2.  Under such rules as the commissioner adopts, use private real estate brokers to assist in any sale or long‑term lease of state land and pay, from fees collected under section 37‑107, subsection B, paragraph 1, a commission to a broker that is licensed pursuant to title 32, chapter 20 and that provides the purchaser or lessee at auction.  The purchaser or lessee at auction is not eligible to receive a commission pursuant to this subsection.

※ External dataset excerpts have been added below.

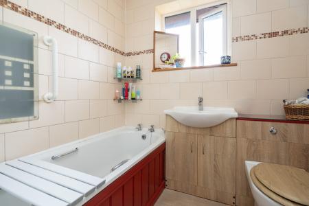 Upstairs, the spacious landing leads to two well-proportioned bedrooms, both offering comfortable accommodation and flexibility for various uses - whether as a main bedroom, guest room, or home office. The bathroom has been fitted with a bath, overhead shower and vanity unit for additional storage. The landing also provides access to the loft which provides fantastic additional storage.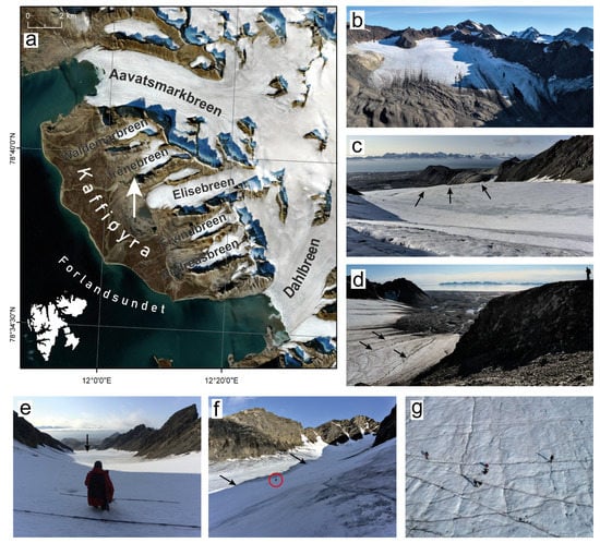 (a) Location of the study site in 2021; (b–f) Characteristics of the glacier surface in 2021. Black arrows in (c,e) show the main uplift in the glacier surface with the most prominent crevasses. Black arrows in (d) mark the main meandering supraglacial streams in the NW part of Irenebreen. Black arrows in (f) mark the outline of snow in the accumulation area in August that coincides well with the glacier area in shadow. A red circle shows a researcher to indicate a scale; (g) CMP measurements are being conducted. Note the cross-cutting pattern of crevasse traces and closed crevasses indicating compressional stress regime.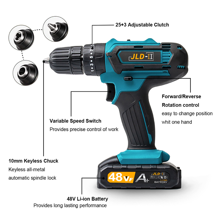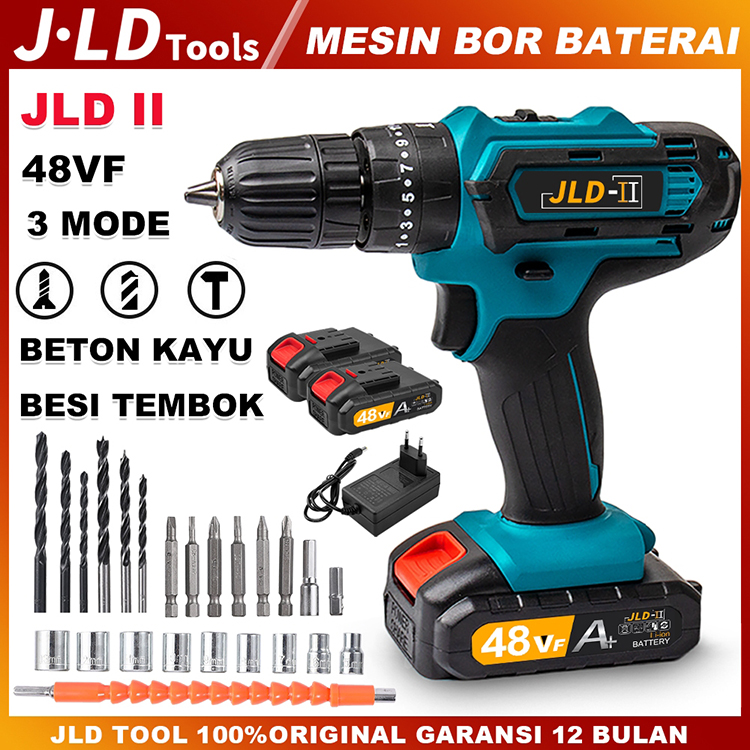 JLD II 48VF Mesin bor baterai bor 10MM bor Impact listrik bor cordless murah Bor cas/3Mode-bor Impact obeng/bor tembok b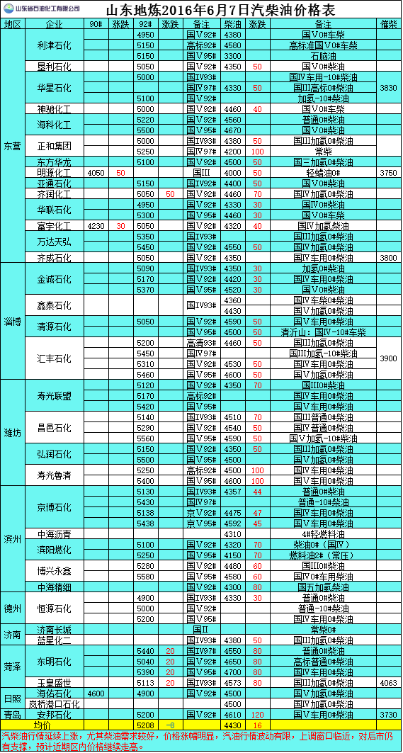 2016年6月7日山東地煉汽柴油價格表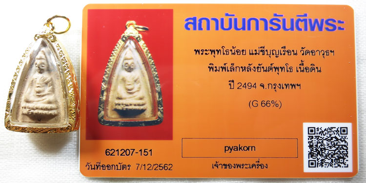 พระพุทโธน้อย แม่ชีบุญเรือน วัดอาวุธฯ พิมพ์เล็กหน้าตุ๊กตานิยม เลี่ยมทองยกซุ้มพร้อมใช้ หลังยันต์พุทโธ เนื้อดิน ปี 2494 สภาพสวยจมูกสรพงศ์ ไม่ผ่านการใช้ มาพร้อมบัตรรับรองแบบแข็ง มี QR โค้ดของการันตีพระตรวจสอบง่าย รับประกันพระสวยๆ แท้ๆ แบบสากล และตามกฎครับ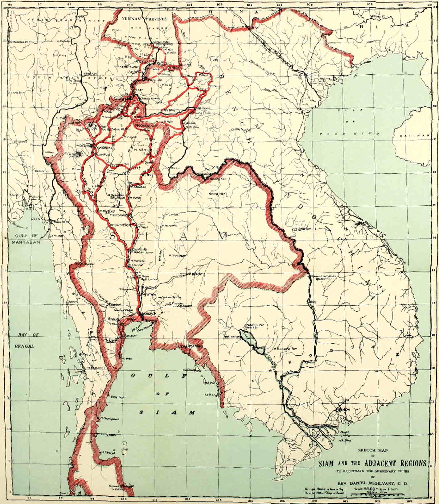 The recent tours of exploration by the Rev. W. Clifton Dodd, D.D., and the Rev. John H. Freeman have disclosed the fact that the Lāo peoples are far more numerous and more widely distributed than we had formerly supposed. Their numbers are now estimated at from twelve to sixteen millions, and their habitat includes not only the Lāo States of northern Siam but 6extensive regions north and northeastward in the Shan States, Southern China, and French Indo-China. The evangelization of these peoples is, therefore, an even larger and more important undertaking than it was understood to be only a few years ago. All the more honour, therefore, must be assigned to Dr. McGilvary, who laid foundations upon which a great superstructure must now be built.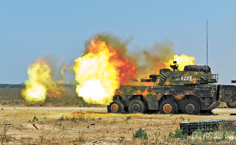 某型榴弹炮对地面目标进行打击。苗朕 摄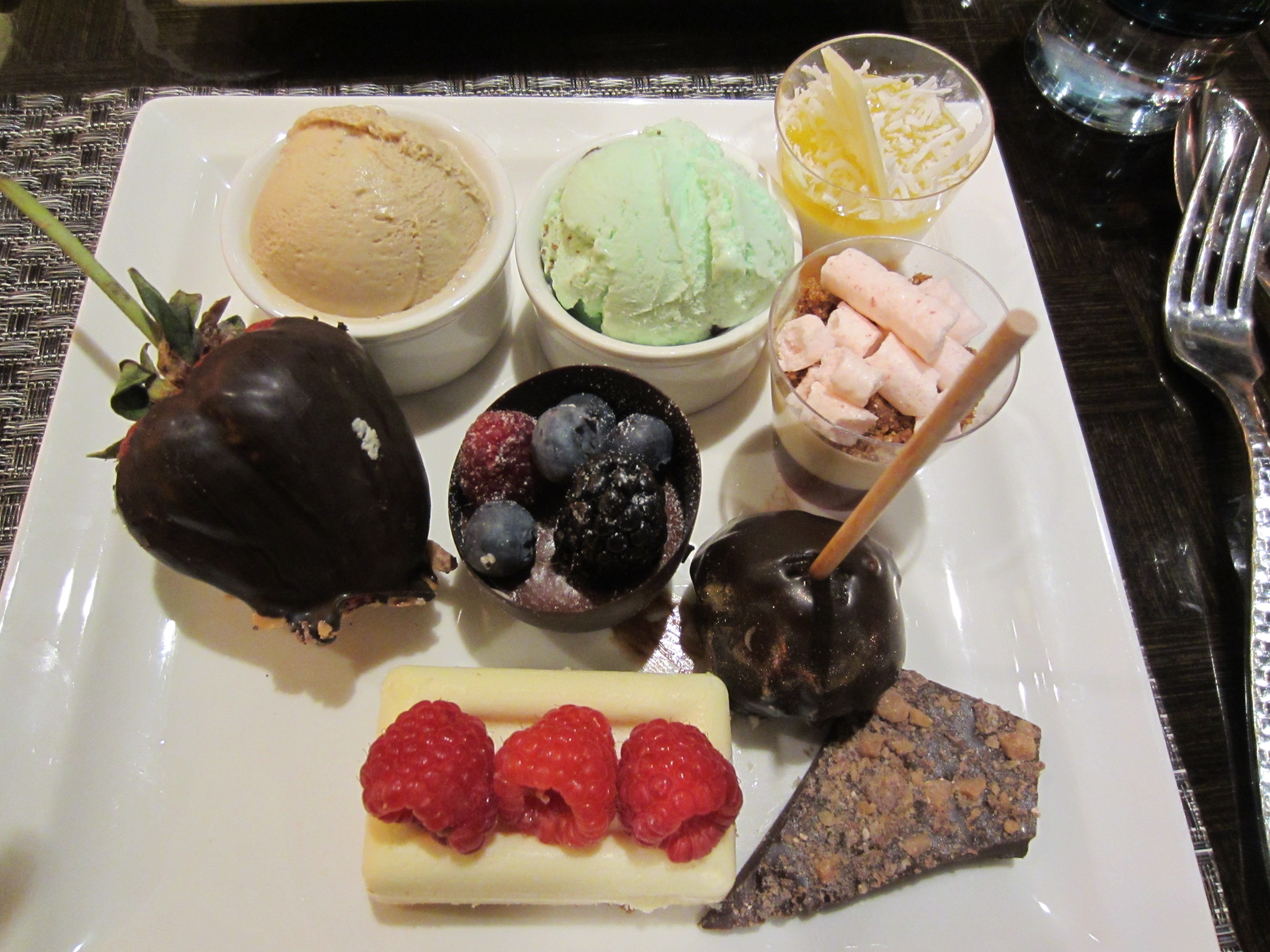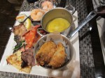 Food quality – although some of the dishes (such as the Green Curry noodles) were overly salty, there were several outstanding dishes! Their BBQ pork ribs were moist and juicy; best green bean salad I’ve had at a buffet; giant slice of smoked salmon with capers; gelato bar featuring over 10 flavors freshly made (Pistachio was a favorite among my friends); giant chocolate-dipped strawberries; and their light/fluffy mousse filled dessert shooters in various flavors stood out in the dessert section. What I also liked was how the cocktail prawns were de-shelled and came with cocktail sauce and a slice of lemon in a shot glass – no need to use your hands to peel them!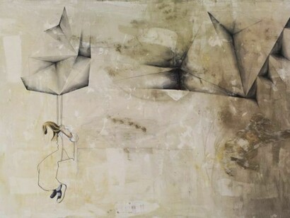 It is challenging to interpret his work, because the viewer is often confused by the change of surface perception. The interplay between the figurative and the abstract may not be limited to one interpretation. Like the work "Your Thick Elephantine Yet So Delicately penetrable Skin" (2011), depicting a girl on a swing. The swing is fitted with a geometrically patterned background and is therefore connected with a surreal element.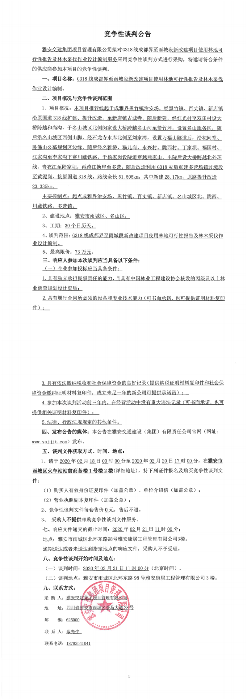 雅安交建集團項目管理有限公司G318線成都界至雨城段新改建項目使用林地可行性報告及林木采伐作業(yè)設(shè)計編制競爭性談判公告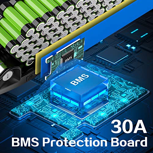 【Blocco di sicurezza e indicatore della batteria】 Dotato di scheda di protezione BMS da 30 A per proteggere la batteria. Assicurati che il blocco di sicurezza sia bloccato prima di premere il pulsante di accensione. Il blocco di sicurezza previene il furto della batteria. L'indicatore della batteria mostrerà la capacità residua approssimativa. La batteria non è dotata del protocollo di comunicazione, quindi il display della batteria sarà impreciso

A commission shall not be paid on a sale or a long‑term lease if the purchaser or lessee is a political subdivision of this state.

3.  Require a permittee, lessee or grantee to post a surety bond or any form of collateral deemed sufficient by the commissioner for performance or restoration purposes.  The commissioner shall use the proceeds of a bond or collateral only for the purposes determined at the time the bond or collateral is posted.  For agricultural lessees, the commissioner may require collateral as follows:

(a)  As security for payment of the annual assessments levied by the irrigation district in which the state land is located if the lessee has a history of late payments or defaults.  The amount of the collateral required shall not exceed the annual assessment levied by the irrigation district.

(b)  As security for payment of rent, if an extension of time for payment is requested or if the lessee has a history of late payments of rent. The collateral shall be submitted at the time any extension of time for payment is requested.  The amount of the collateral required shall not exceed the annual amount of rent for the land.

(c)  A surety bond shall be required only if the commissioner determines that other forms of collateral are insufficient.

4.  Withhold market and economic analyses, preliminary engineering, site and area studies and appraisals that are collected during the urban planning process from public viewing before they are submitted to local planning and zoning authorities.

5.  Withhold from public inspection proprietary information received during lease negotiations.  The proprietary information shall be released to public inspection unless the release may harm the competitive position of the applicant and the information could not have been obtained by other legitimate means.

6.  Issue permits for short‑term use of state land for specific purposes as prescribed by rule.

7.  Contract with a third party to sell recreational permits.  A third party under contract pursuant to this paragraph may assess a surcharge for its services as provided in the contract, in addition to the fees prescribed pursuant to section 37‑107.

8.  Close urban lands to specific uses as prescribed by rule if necessary for dust abatement, to reduce a risk from hazardous environmental conditions that pose a risk to human health or safety or for remediation purposes.

9.  Notwithstanding subsection A, paragraph 4 of this section, authorize, in the best interest of the trust, the extension of public services and facilities either:

(a)  That are necessary to implement plans of the local governing body, including plans adopted or amended pursuant to section 9‑461.06 or 11‑824 11‑805.

(b)  Across state lands that are either:

(i)  Classified as suitable for conservation pursuant to section 37‑312.

(ii)  Sold or leased at auction for conservation purposes.

C.  The commissioner or any deputy or employee of the department shall not have, own or acquire, directly or indirectly, any state lands or the products on any state lands, any interest in or to such lands or products, or improvements on leased state lands, or be interested in any state irrigation project affecting state lands. END_STATUTE

Sec. 33.  Repeal

Section 37‑132, Arizona Revised Statutes, as amended by Laws 2010, chapter 244, section 27, is repealed.

Sec. 34.  Retroactive application

Sections 4, 5, 6, 7, 11, 12, 13, 14, 15, 16, 17, 18, 19, 20, 21, 22, 23, 24, 25 and 26 apply retroactively to from and after June 30, 2011.

Sec. 35.  Effective date

A.  Sections 8 and 9 of this act are effective from and after August 31, 2011.

B.  Sections 2, 3, 27, 28, 29, 30, 32 and 33 of this act are effective from and after September 30, 2011.